No matter how you think you feel about this man, he’s showing you how he feels about you. He can’t respect you enough to care. He can’t be faithful to you. Get out and love yourself girl. You’ll be happier and far more satisfied than you are here, waiting and begging for scraps from a man who won’t give you any.

So good to read something like this!! Happy for you, and thank you for the kind words

OP posts:
MissDoubleU · 30/01/2025 08:28

I will also add, I had very high suspicions my first husband could be gay or have some sexual dysfunction. He would actually demand regular (unsatisfying for me) sex, I’ve just never met a man who disliked vagina quite so much, but there we go. I will say I still don’t have any answer to why he was the way he was and I likely never will. I’ve had to make my peace with that and it’s highly likely you will too.

It shouldn’t be about why he is that way. Low testosterone, closeted sexuality, hidden fetish, it quite literally does not matter the reason. He isn’t interested in being open, discovering the truth, or changing. He isn’t interested in listening or caring how his ways affect you. He isn’t going to suddenly change and he has no interest in trying. That should be enough.
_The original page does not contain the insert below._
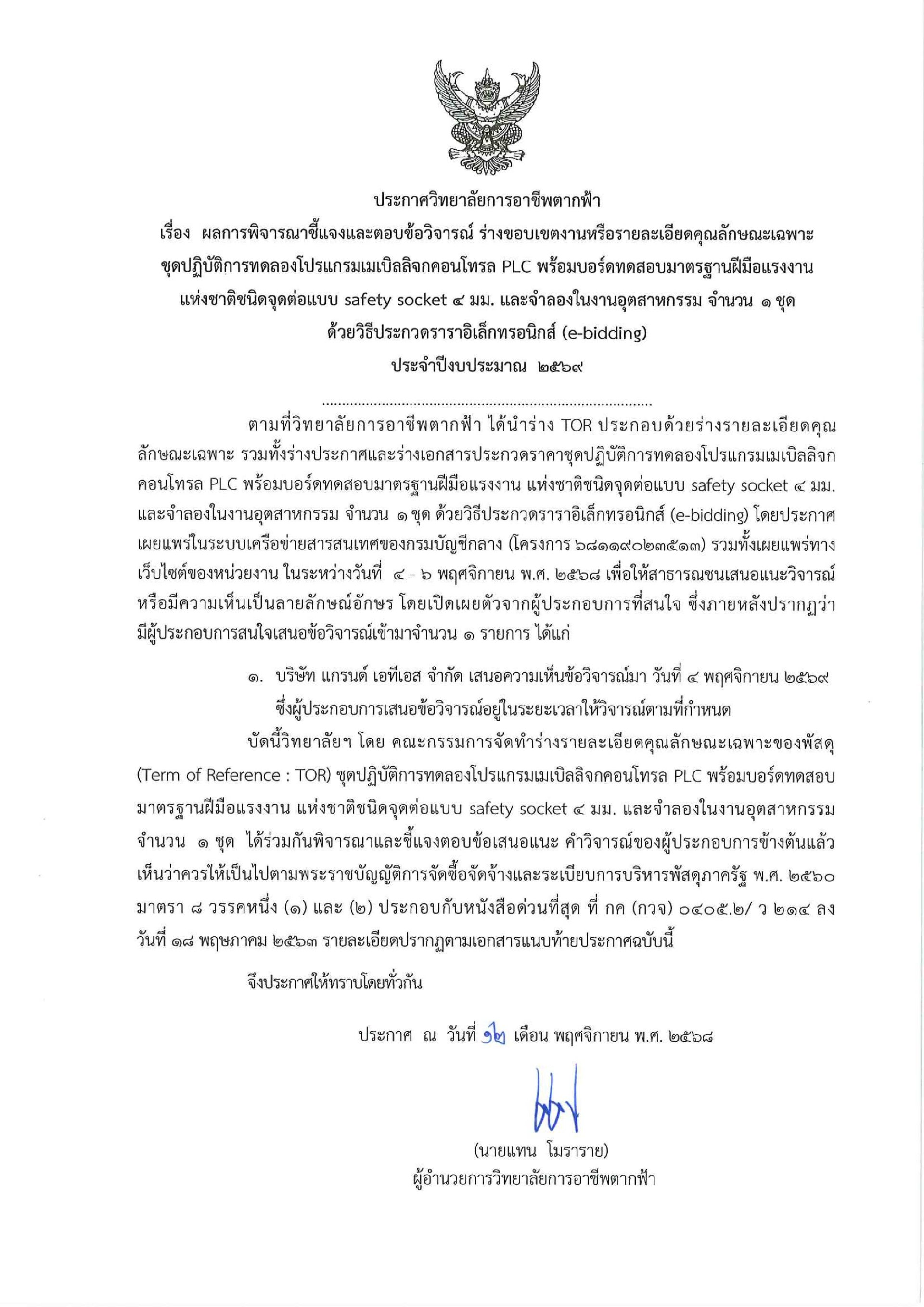 ผลการพิจารณาชี้แจงและตอบข้อวิจารณ์ ร่างขอบเขตงานหรือรายละเอียดคุณลักษณะเฉพาะชุดปฎิบัติการทดลองโปรแกรมเมเบิลลอจิกคอนโทรล PLC พร้อมบอร์ดทดสอบมาตรฐานฝีมือแรงงาน ด้วยวิธีการประกวดราคาอิเล็กทรอนิกส์ e-bidding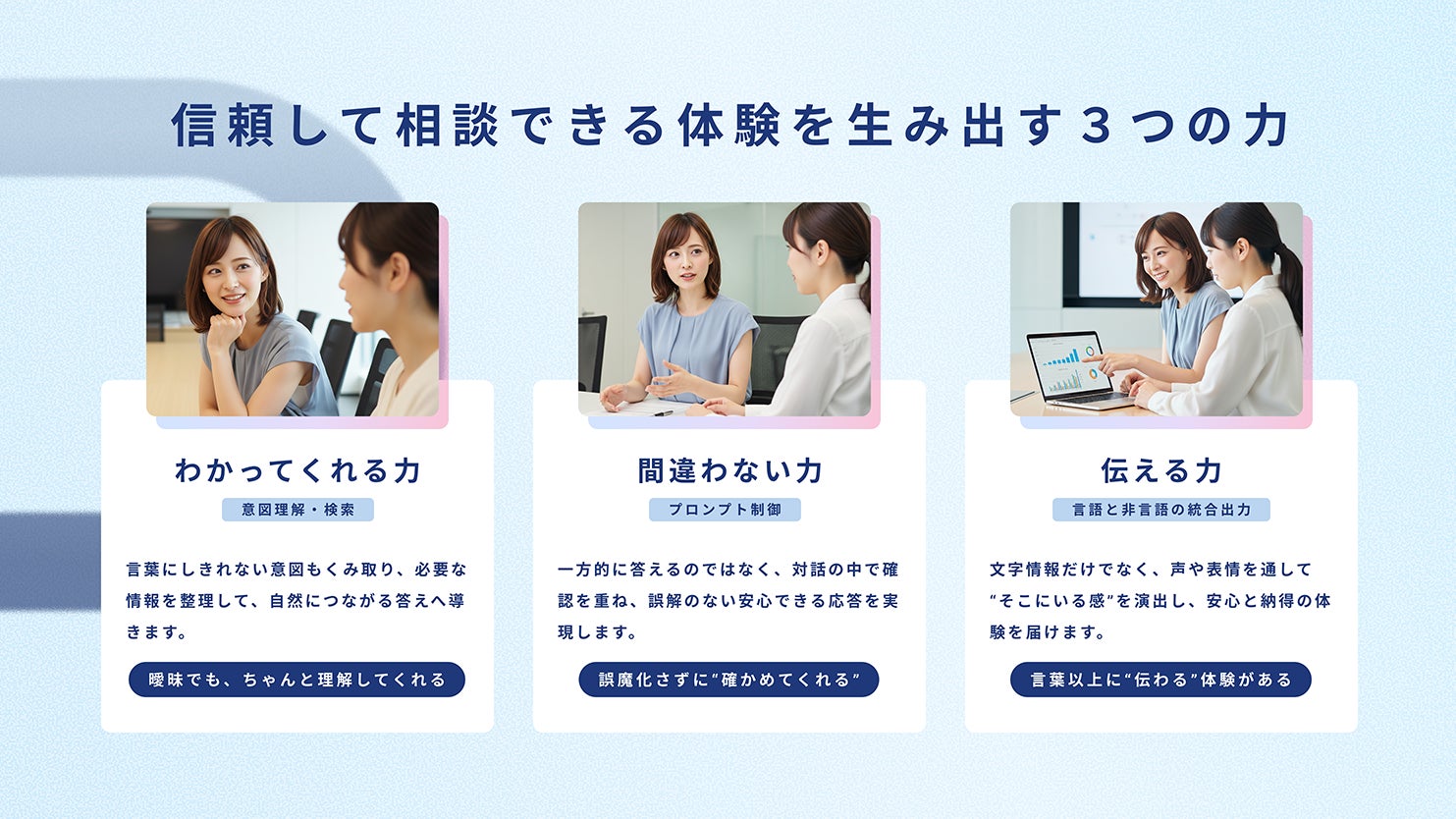 また、企業ごとのブランドトーンに合わせたアバターや音声のカスタマイズ機能、既存SaaSやCMSとのAPI連携による導入支援も強化。AIを単なる問い合わせ窓口ではなく、“企業の人格”としてユーザーと関係を築く対話設計へと発展させます。

HowToSaveAWife · 30/01/2025 08:35

Kakesy · 30/01/2025 08:09

Yes, unfortunately. We got married less than a year after we met.

I thought you might have been OP, I'm so sorry.

But a 32 year old man marries a 24 year old and he's not jumping her bones at every opportunity? I'm sorry honey I think he's gay and you've been duped into a lavender marriage.

There's only a few reasons men go for much younger women and marry them quickly.

Control, sex, and as a good cover story.